Shinji’s stream of consciousness starts, this segments a bit longer then the one we got in Weaving A Story, but not yet the marathon runs the series would attempt later on. This trip actually ends up being a dry run for the series finale, introducing the theme of each person existing as the idea of what others believe him to be. Once again these are tough to write about, better to experience it for yourself. You’ll either get it, or you’ll want to cut out your eyes.

Shinji comes too just in time to die for sure, only to discover, in what’s perhaps the key scene in the series, the presence of his mother in the machine. This sends the Eva flying into a rage. A Mother’s love is an easy thing to sentimentalize, but it’s really as primal and as fierce a force as any. Nothing less then the instinct to protect the continuation of its genetic code at all cost. The EVA manifests that on the most primal level possible, ripping to shreds the thing that threatens its spawn.

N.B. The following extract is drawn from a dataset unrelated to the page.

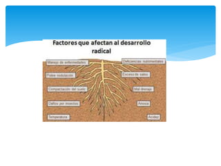 El documento describe el microhábitat como el lugar específico donde ocurren interacciones entre condiciones, microorganismos y una planta, que modifican mutuamente el ambiente. Explica que la rizosfera, la región alrededor de la raíz, contiene una alta densidad de microorganismos que se comunican con la planta a través de exudados radiculares, los cuales dependen de factores como la especie y estado de la planta y las condiciones ambientales.

The image of a screaming gore covered Unit 01 clawing it’s way out of the black womb, coating the city below in blood, is like something Dali dreamed up on a bad day. It’s an awe inspiring sequence of stunning primal violence, a scene that works on a gut level. (Once again the metaphysics of this, especially when one brings Rei into the equation is confusing, but as a metaphor it works perfectly). It’s a stunning ending one that casts a pall over the rest of the series, and whose feeling is carried through the next four episodes. Which I’ll be covering in one go. I remember them being my favorite of the run and I can’t wait to revisit them.